Действительно ли произошла эта сцена? Выдумал ли ее Бетховен? От начала до конца? Или только прикрасил ее? Или прикрасила ее Беттина? Или сама от начала до конца ее выдумала? Этого уже никто никогда не узнает. Определенно все же одно: когда она писала письмо Пюклеру-Мускау, она поняла, что эпизод этот недооценен. Только он был способен раскрыть истинный смысл истории ее любви с Гёте. Но как придать ему огласку? «Нравится тебе этот эпизод, как я рассказываю его?» — спрашивает она в своем письме Германа фон Пюклера. — «Kannst Du sie brauchen?» Можешь ли ты им воспользоваться? — Князь не намеревался воспользоваться им, и потому Беттина увлеклась идеей опубликовать свою переписку с князем; однако затем ее осенило нечто получше: в 1839 году она опубликовала в журнале «Атенеум» письмо, в котором тот же эпизод рассказывает ей сам Бетховен. Оригинал этого письма, датированного 1839 годом, так никогда и не был найден. Осталась лишь копия, написанная рукой Беттины. Там имеются несколько деталей (к примеру, дата письма), свидетельствующих о том, что Бетховен этого письма никогда не писал или, по меньшей мере, не написал его в том виде, в каком Беттина переписала его. Но вне зависимости от того, сфальсифицировано письмо полностью или наполовину, анекдот этот очаровал всех и стал знаменитым. И вдруг все прояснилось: если Гёте и предпочел «колбасу» великой любви, то это было явно не случайно: в то время как Бетховен — бунтарь, идущий вперед, низко надвинув на лоб шляпу и заложив руки за спину, Гёте — прислужник, униженно кланяющийся на обочине аллеи.

 

 

Беттина сама занималась музыкой, даже написала несколько сочинений и, стало быть, обладала определенными данными, чтобы понять, что было в бетховенской музыке нового и прекрасного. И все же я задаю вопрос: захватывала ли ее бетховенская музыка сама по себе, своими нотами, или, скорее, тем, что она являла собой, то есть своей туманной родственностью с мыслями и взглядами, которые разделяла Беттина со своими поколенческими друзьями? Существует ли вообще любовь к искусству и существовала ли когда-либо? Не обман ли это? Когда Ленин объявил, что более всего любит бетховенскую «Аппассионату», что, собственно, он любил? Что он слышал? Музыку? Или величественный грохот, который напоминал ему помпезные движения его души, взыскующей крови, братства, казней, справедливости и абсолюта? Испытывал ли он радость от звуков или от мечтаний, которые рождали в нем звуки и которые не имели ничего общего ни с искусством, ни с красотой? Вернемся к Беттине: привлекал ли ее Бетховен — музыкант или Бетховен — великий Анти-Гёте? Любила ли она его музыку тихой любовью, какая нас связывает с единственной чарующей метафорой или с сочетанием Двух красок на картине? Или, скорее, той самой захватнической страстью, с какой мы объявляем себя сторонниками политической партии? Но как бы то ни было (мы никогда не узнаем, как это было на самом деле), Беттина выпустила в мир образ Бетховена, шагающего вперед в шляпе, низко надвинутой на лоб, и этот образ шел затем уже сам по себе сквозь века.

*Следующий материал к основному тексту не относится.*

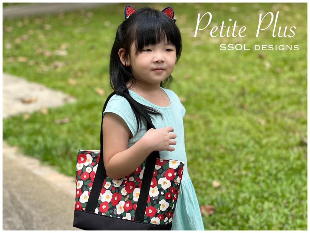 Please follow the instructions for the Petite Tote when you are making Petite Plus. The steps remain very much the same with some small changes in magnetic snap and strap positions. There are also two additional add-on options for this size.

В 1927 году (спустя сто лет после смерти Бетховена) известный немецкий журнал «Литерарише вельт» обратился к выдающимся современным композиторам с просьбой сказать, что для них значит Бетховен. Редакция не предполагала, какой это станет посмертной казнью для хмурого человека в надвинутой на лоб шляпе. Орик, член парижской «Шестерки», заявил от имени своей генерации: Бетховен безразличен им до такой степени, что даже нет смысла спорить о нем. Будет ли он однажды вновь открыт и вновь оценен, как сто лет назад Бах? Исключено. Смешно! Яначек также утверждал, что творчество Бетховена никогда его не вдохновляло. А Равель резюмировал это так: он не любит Бетховена, поскольку его слава основана отнюдь не на его музыке, которая явно несовершенна, а на литературной легенде, созданной вокруг его жизни.

Литературная легенда. В нашем случае она зиждется на двух шляпах: одна низко надвинута на лоб, и из-под нее торчат огромные брови; другая в руке человека, отвешивающего низкий поклон. Фокусники любят работать со шляпой. Они дают предметам исчезнуть в ней или выпускают из нее стаю голубей под потолок. Беттина выпустила из шляпы Гёте безобразных птиц его униженности и дала исчезнуть в шляпе Бетховена (а этого она определенно не хотела!) его музыке. Она уготовила Гёте то, что досталось Тихо Браге и Картеру: смешное бессмертие. Однако смешное бессмертие подстерегает всех, и для Равеля Бетховен в надвинутой на самые брови шляпе был смешнее, чем Гёте, отвешивающий низкий поклон.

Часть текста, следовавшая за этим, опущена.